American Christian rock band (1999–2008)

Glowin’ Moses was a Christian rock band formed in the late 1990s. The band took their name from the Biblical story of Moses. The band released four albums during the eight years they were together.

==Early history==
The band was formed in October 1999 in Newport News, Virginia as part of the First Baptist Church Music Ministry. Their music is best described as an amalgam of structured pop-rock and freewheeling jam band stylings. The original lineup consisted of Ron Mason on guitar, Michael J. Adams on drums, Ray Fowler, Jr. on bass, and lead singer Nathan "Nate" Milton. In addition to solid musicianship, the band employed the songwriting team of Adams and Milton.

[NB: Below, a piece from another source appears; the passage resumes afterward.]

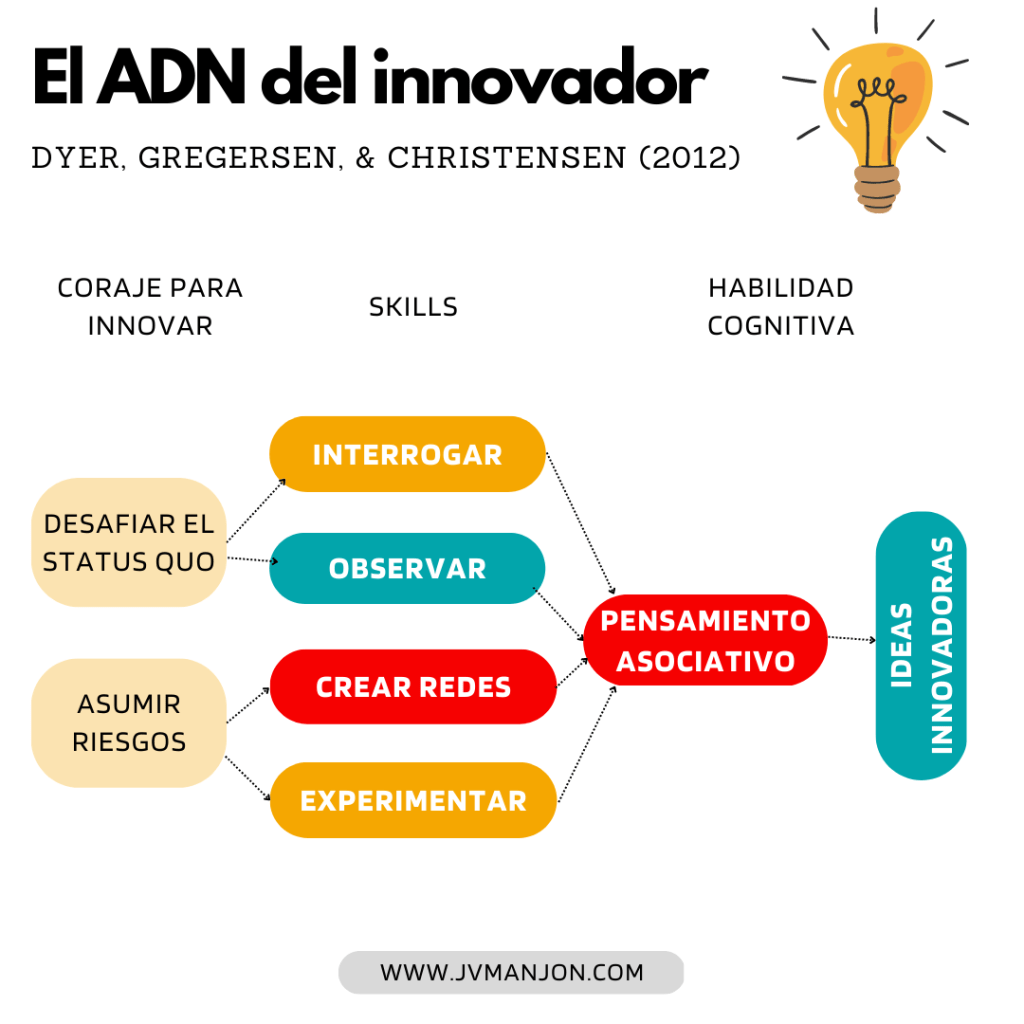 Los autores estudiaron cuáles eran los –skills- que tenían los líderes innovadores y descubrieron que estos compartían una serie de habilidades como las de interrogar adecuadamente, eran capaces de observar, generaban redes y ponían en marcha procesos de experimentación, lo que les llevaba a un pensamiento asociativo capaz de generar ideas innovadoras.

Mirroring the songwriting arrangement of the great Lennon–McCartney writing team, Milton and Adams composed over 60 songs during their four-year partnership. The band began by playing at numerous churches, youth rallies, coffee houses, & nightclubs. They were a part of various festivals and conferences, quickly garnering local and regional attention for their modern music and stage presence. One of the band's highlights occurred in 2001, when they opened for Christian music legends Petra in Waynesboro, VA. In 2003 another moment happened when they appeared on "The Local Connection". A popular radio show that aired on WJLZ. The show was broadcast both locally and nationally via the internet. The band has released four albums to date (including "Soul Food", which was produced by David "Pic" Conley of the R&B group Surface).

==Lineup changes==
Besides their music, Glowin' Moses most notable trait was their ever-changing roster. In 2000 the band expanded their roster from four to seven members. In addition to adding saxophonist Curtis Brown (who had already begun playing with the band in several concerts), the band added "The Philipino Phenom" Alden Lumagui on bass and "Sugar" Shawn Moseley on keyboards. This is the "classic" GM lineup that would remain intact for the next three years. In 2003 the band went through a series of lineup changes. Bassist Alden Lumagui left the band to pursue other personal and musical opportunities (he eventually resurfaced with the band Simple Life). Lumagui was "replaced" by a pastiche of fill-in bass players, including Michael Adams' brother, Brian. The band eventually settled on a steady lineup which featured Michael Adams on lead guitar, Ron Mason on bass guitar and Shawn Moseley on drums. In the Summer of 2003, the band added Shawn Downey as the permanent bass player. But the lineup changes weren't finished for the band. At the end of 2003 founding members Ray Fowler and Nathan Milton both departed the band for personal and professional reasons. Milton eventually returned to the music scene with his R&B/Soul collective, Mosaic. Following Milton's departure, Curtis Brown assumed the duties of lead singer and the band continued to record new music, resulting in the CD "Grey" (which included the final nine Adams-Milton collaborations). In October 2005, Shawn Moseley and Shawn Downey decided to part ways with the band. Brian Adams returned on Bass guitar, reducing GM back to its original number of four members. In 2005 the band also added keyboard player Vladimir Barrios. After a year of being in the band, Barrios left the group to return to his native home of California. In 2007, after eight years and four albums, the band decided to take an "Indefinite Hiatus".

==2006 and beyond==
In 2006 the band appeared as part of The Inspiration Network (INSP) channel program "CATS" (Christian Artist Talent Search) this was the band's final televised performance. In 2007, after eight years and four albums, the band decided to take an "indefinite hiatus". In 2008 the remaining members finally decided to part ways for good, effectively ending the band. Rumors persisted of a reunion in 2009 (10 years after the band's initial formation), but the rumors were not addressed by any of the band's former members.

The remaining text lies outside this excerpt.